Hi, I have been trying to find the coordinates of Fram Crater and it seems I cannot find it at all on the IAU Gazetteer of Planetary Nomenclature. Is it not an official crater? I found many references on the NASA website but not coordinates. Thanks --Golan's mom (talk) 06:14, 10 October 2018 (UTC)

Our article is at Fram_(crater). As you say, it's definitely not on the IAU list, so presumably unofficial. HenryFlower 14:22, 10 October 2018 (UTC)
1.9°S 5.5°W - according to our article List of craters on Mars. It may not be listed as it is very small (8 metres in diameter) so is only known from images taken by the Opportunity rover - it may not be visible on images taken from orbiting satellites. Wymspen (talk) 14:27, 10 October 2018 (UTC)

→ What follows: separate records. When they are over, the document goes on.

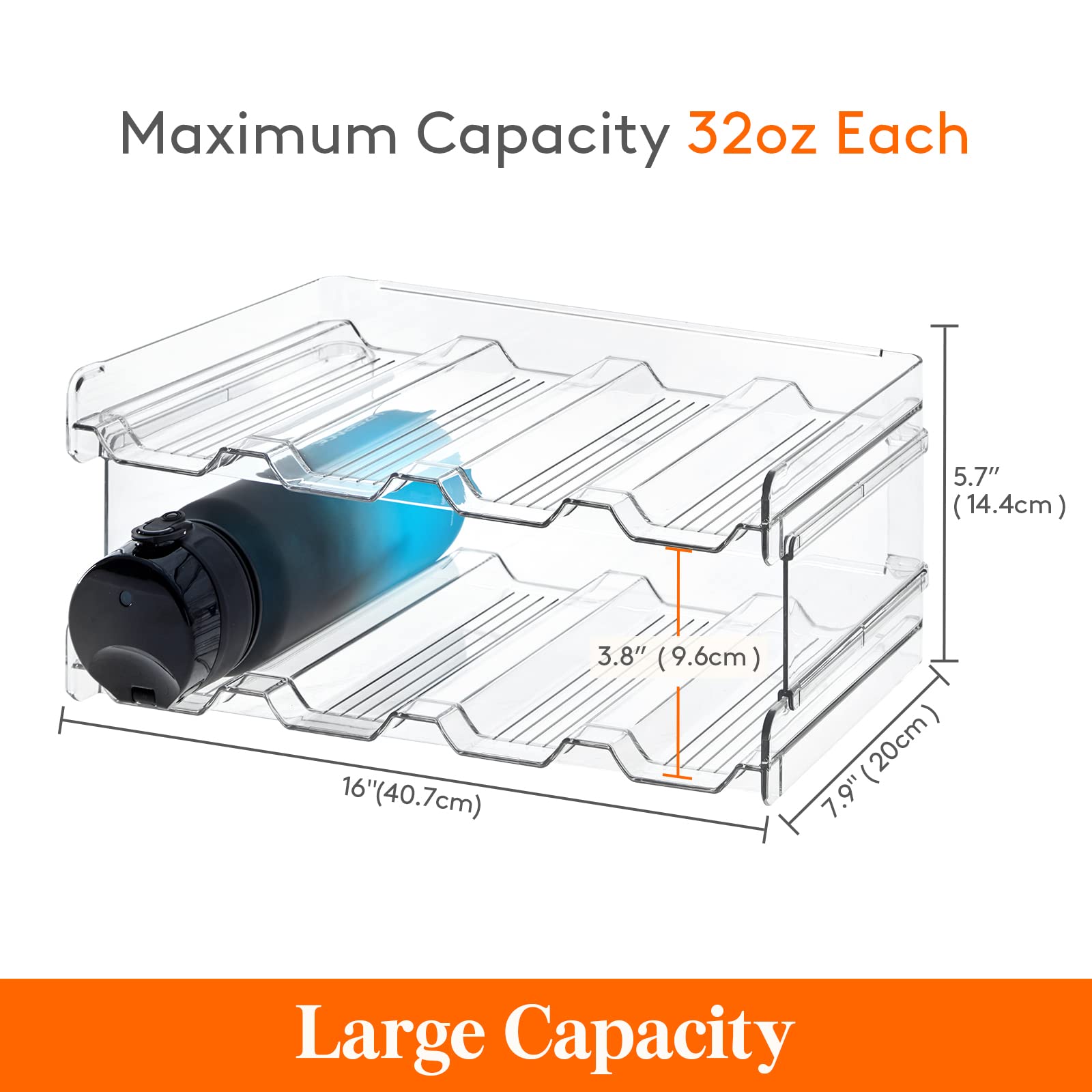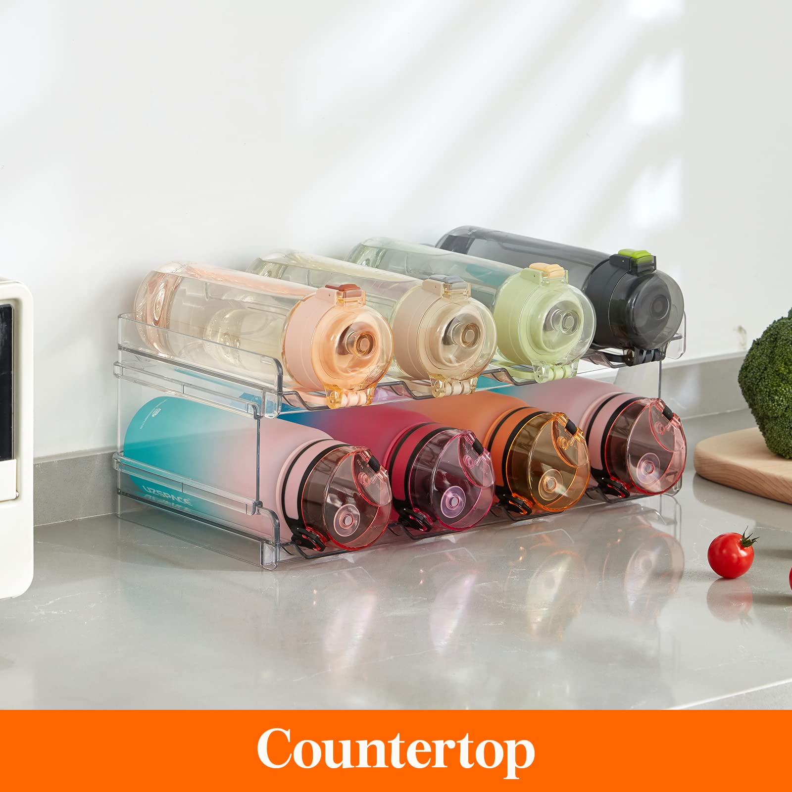 Lifewit Stackable Water Bottle Organizer/Holder for Cabinet Fridge, Kitchen Pantry Organization and Storage, Plastic Wine Racks, Tumbler Travel Mug Cup Holder, 2Pack, Hold 8 Bottles
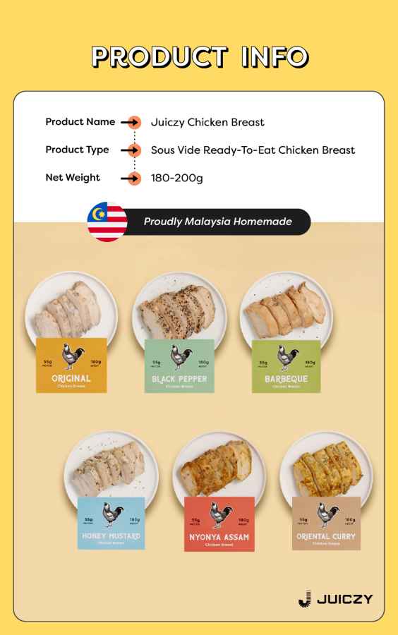 Juiczy's Nyonya Assam Chicken Breast is a dish with a sweet and sour, slightly spicy flavor that is irresistibly appetizing. The slow-cooking technique ensures the chicken breast remains tender. The unique combination of tamarind's sourness and sweetness creates a memorable taste. This flavorful dish stimulates the appetite and leaves you wanting more.
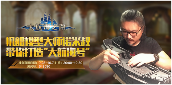 作为国庆期间献给所有航海迷的专属福利, 9月28日—10月7日国庆期间,《大航海之路》将首度联动斗鱼第一船模制作大师——“诺米叔”,在知名直播互动平台斗鱼,每天为航海迷带来定制船模直播互动!更有海量《大航海之路》安卓礼包码等你来拿!
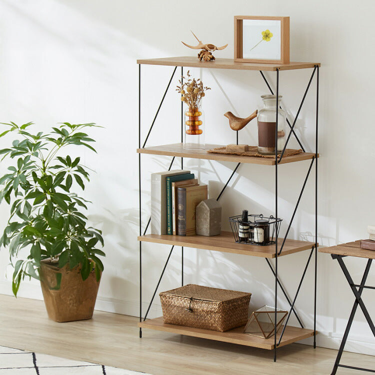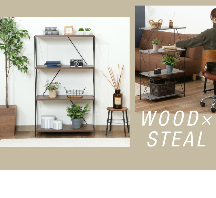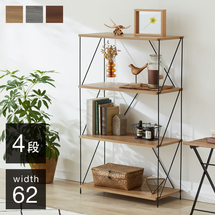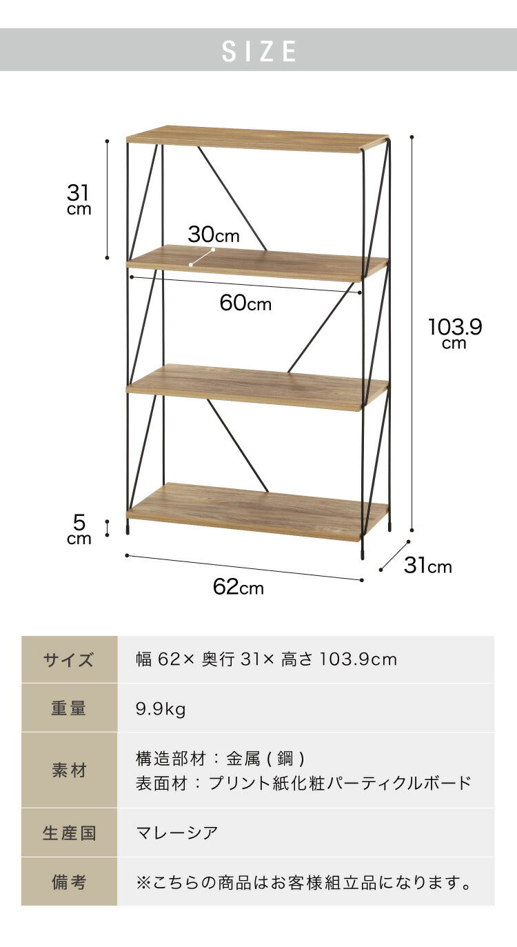 ワイヤーラック 4段 幅62cm 木目調 スチール 組み立て簡単 工具不要 おしゃれ 北欧 収納 スチールラック ワイヤーラック スチールシェルフ 子供部屋 洗面所 ディスプレイラック 隙間収納 すきま収納(代引不可)
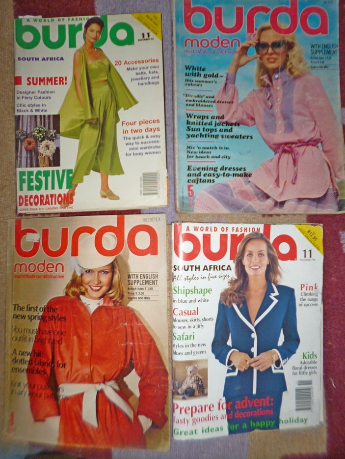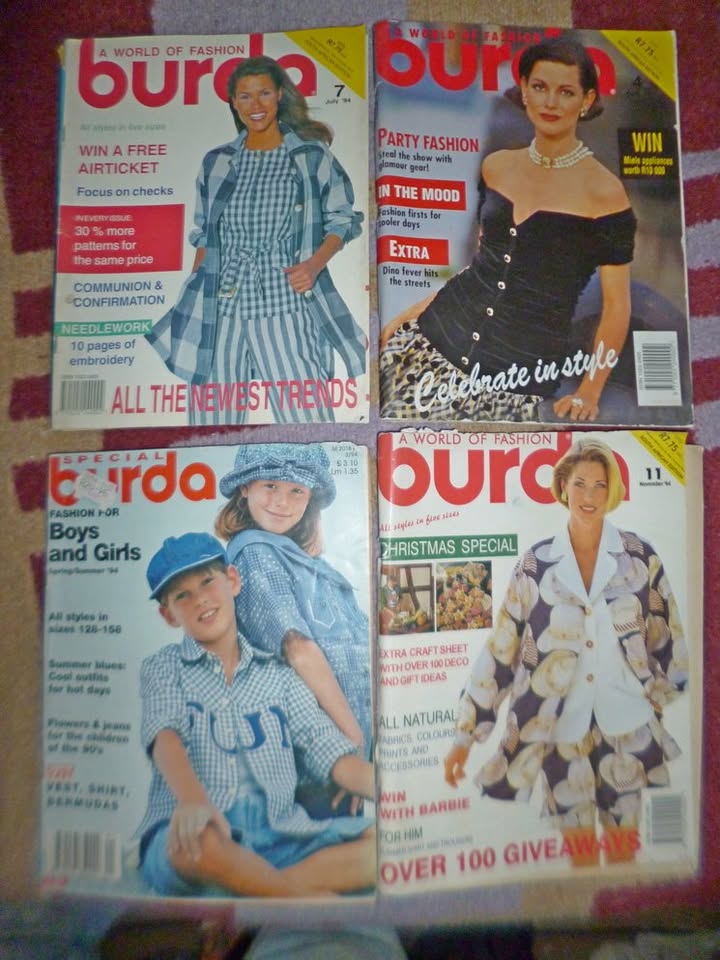 old Burda magazines x 30 with inserts from 1978 to 1995 Postage : by the courier of your choice Postnet /Courier guy/Express etc...plus R10 for packaging if local = Durban Westville = collect / deliver Contact Toni or steve at Email Cell or or
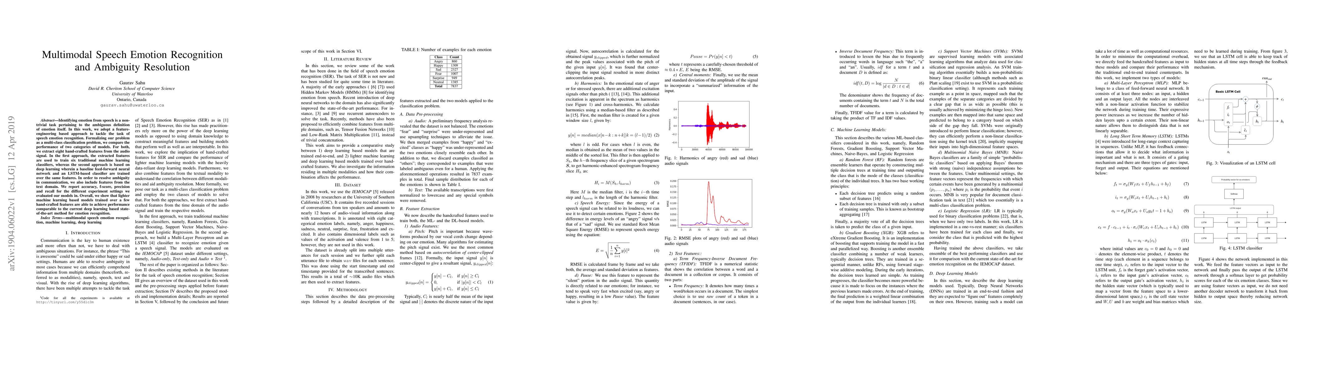 This paper explores multimodal speech emotion recognition using both traditional machine learning and deep learning approaches. It demonstrates that simpler machine learning models with hand-crafted features can achieve comparable results to more complex deep learning methods, highlighting the importance of feature engineering in resolving ambiguities in emotion recognition.
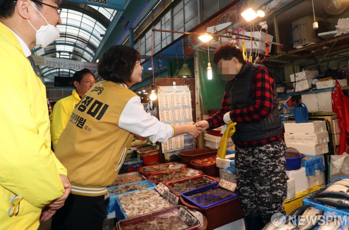 [인천=뉴스핌] 정일구 기자 = 이정미 정의당 인천 연수을 후보가 4·15 총선 공식 선거운동 시작일인 2일 오후 인천 연수구 옥련시장에서 상인들과 인사를 하고 있다. 2020.04.02 mironj19@newspim.com
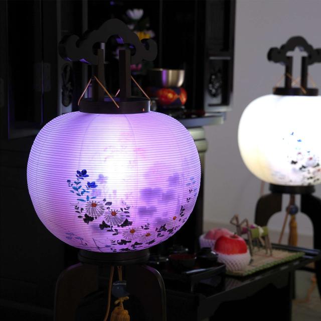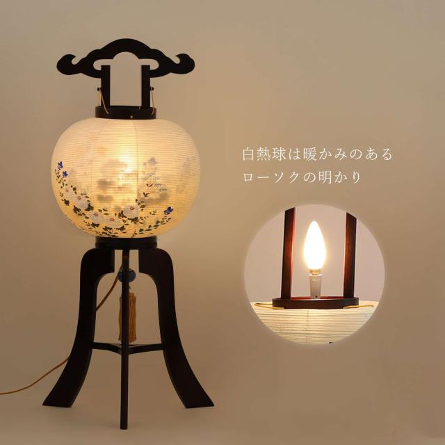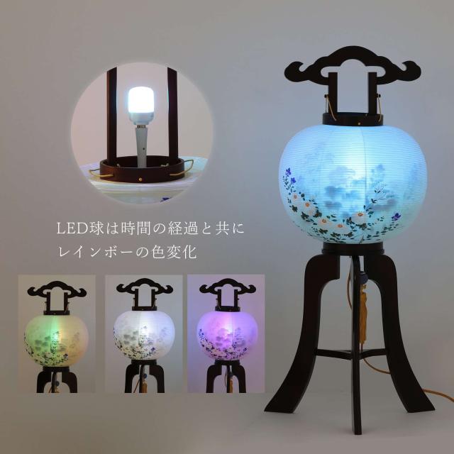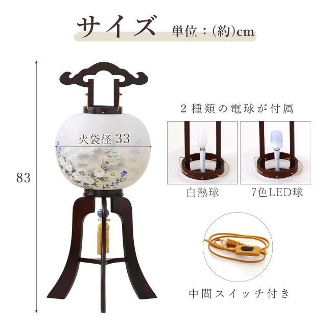 電源は100Vコンセント、電球は2種類が付属します。白熱球は暖かいローソクの明かり、LED球は時間の経過と共に、レインボーの色変化。伝統的な形状の火袋に、さまざまな彩りを映し出します。お好みやシーンに合わせてお選びください。外観サイズは大きすぎず、小さすぎない10号サイズ(火袋直径33cm・高さ83cm)となっています。

Fram Crater is not presently in the database at NASA JPL's MarsTrek. The only reputable source cited by our article is this JPL PhotoJournal website, where "Fram Crater" is described in "scare quotes." However, I went looking for other reliable sources and found the Science Magazine Special Issue (Vol. 306, Issue 5702, December 2004): Opportunity at Meridiani Planum. This issue mentions Fram Crater in multiple papers:
...and the penultimate paper for you, our reader-with-interest-in-interplanetary-localization:
There is a lot of very difficult theory and practice that pertain to describing a location on another planet - especially when we start talking about putting landers and rovers on said planet with the intention of driving to features of interest - so that last paper is the one you should read first.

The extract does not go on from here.